Top of EXCERPTED RECORDS

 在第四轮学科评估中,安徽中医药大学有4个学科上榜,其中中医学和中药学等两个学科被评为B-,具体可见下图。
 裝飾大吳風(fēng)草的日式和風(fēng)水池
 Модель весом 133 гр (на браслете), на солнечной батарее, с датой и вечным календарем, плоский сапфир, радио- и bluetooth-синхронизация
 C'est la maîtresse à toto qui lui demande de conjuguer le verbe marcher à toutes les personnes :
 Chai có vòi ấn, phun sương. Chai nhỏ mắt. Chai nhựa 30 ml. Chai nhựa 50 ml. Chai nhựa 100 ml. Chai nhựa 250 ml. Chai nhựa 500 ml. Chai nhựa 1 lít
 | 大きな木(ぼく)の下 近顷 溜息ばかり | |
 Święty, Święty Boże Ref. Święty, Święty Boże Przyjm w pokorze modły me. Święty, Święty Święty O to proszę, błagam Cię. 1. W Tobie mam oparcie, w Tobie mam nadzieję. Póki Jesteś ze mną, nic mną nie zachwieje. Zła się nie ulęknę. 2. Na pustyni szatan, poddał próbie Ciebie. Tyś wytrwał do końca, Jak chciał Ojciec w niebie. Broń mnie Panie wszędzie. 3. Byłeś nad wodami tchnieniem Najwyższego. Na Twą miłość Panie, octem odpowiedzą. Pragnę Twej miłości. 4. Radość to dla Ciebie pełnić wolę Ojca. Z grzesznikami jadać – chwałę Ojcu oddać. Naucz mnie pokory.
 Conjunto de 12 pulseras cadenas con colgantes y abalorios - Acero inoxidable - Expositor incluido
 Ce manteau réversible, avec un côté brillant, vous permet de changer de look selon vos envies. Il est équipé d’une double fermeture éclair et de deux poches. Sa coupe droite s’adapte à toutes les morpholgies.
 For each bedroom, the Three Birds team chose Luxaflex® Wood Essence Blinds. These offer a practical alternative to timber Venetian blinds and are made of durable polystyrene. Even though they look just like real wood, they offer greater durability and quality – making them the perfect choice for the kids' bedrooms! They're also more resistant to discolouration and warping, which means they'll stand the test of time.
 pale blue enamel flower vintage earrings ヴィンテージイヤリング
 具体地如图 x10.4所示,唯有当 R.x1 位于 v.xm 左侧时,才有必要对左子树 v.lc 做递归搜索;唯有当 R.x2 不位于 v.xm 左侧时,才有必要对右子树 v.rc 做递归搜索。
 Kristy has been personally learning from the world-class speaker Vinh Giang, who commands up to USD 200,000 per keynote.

Bottom of EXCERPTED RECORDS

[TASK INSTRUCTIONS]
Every line above needs to be retyped exactly.

[SOLUTION TO THIS TASK]
 在第四轮学科评估中,安徽中医药大学有4个学科上榜,其中中医学和中药学等两个学科被评为B-,具体可见下图。
 裝飾大吳風(fēng)草的日式和風(fēng)水池
 Модель весом 133 гр (на браслете), на солнечной батарее, с датой и вечным календарем, плоский сапфир, радио- и bluetooth-синхронизация
 C'est la maîtresse à toto qui lui demande de conjuguer le verbe marcher à toutes les personnes :
 Chai có vòi ấn, phun sương. Chai nhỏ mắt. Chai nhựa 30 ml. Chai nhựa 50 ml. Chai nhựa 100 ml. Chai nhựa 250 ml. Chai nhựa 500 ml. Chai nhựa 1 lít
 | 大きな木(ぼく)の下 近顷 溜息ばかり | |
 Święty, Święty Boże Ref. Święty, Święty Boże Przyjm w pokorze modły me. Święty, Święty Święty O to proszę, błagam Cię. 1. W Tobie mam oparcie, w Tobie mam nadzieję. Póki Jesteś ze mną, nic mną nie zachwieje. Zła się nie ulęknę. 2. Na pustyni szatan, poddał próbie Ciebie. Tyś wytrwał do końca, Jak chciał Ojciec w niebie. Broń mnie Panie wszędzie. 3. Byłeś nad wodami tchnieniem Najwyższego. Na Twą miłość Panie, octem odpowiedzą. Pragnę Twej miłości. 4. Radość to dla Ciebie pełnić wolę Ojca. Z grzesznikami jadać – chwałę Ojcu oddać. Naucz mnie pokory.
 Conjunto de 12 pulseras cadenas con colgantes y abalorios - Acero inoxidable - Expositor incluido
 Ce manteau réversible, avec un côté brillant, vous permet de changer de look selon vos envies. Il est équipé d’une double fermeture éclair et de deux poches. Sa coupe droite s’adapte à toutes les morpholgies.
 For each bedroom, the Three Birds team chose Luxaflex® Wood Essence Blinds. These offer a practical alternative to timber Venetian blinds and are made of durable polystyrene. Even though they look just like real wood, they offer greater durability and quality – making them the perfect choice for the kids' bedrooms! They're also more resistant to discolouration and warping, which means they'll stand the test of time.
 pale blue enamel flower vintage earrings ヴィンテージイヤリング
 具体地如图 x10.4所示,唯有当 R.x1 位于 v.xm 左侧时,才有必要对左子树 v.lc 做递归搜索;唯有当 R.x2 不位于 v.xm 左侧时,才有必要对右子树 v.rc 做递归搜索。
 Kristy has been personally learning from the world-class speaker Vinh Giang, who commands up to USD 200,000 per keynote.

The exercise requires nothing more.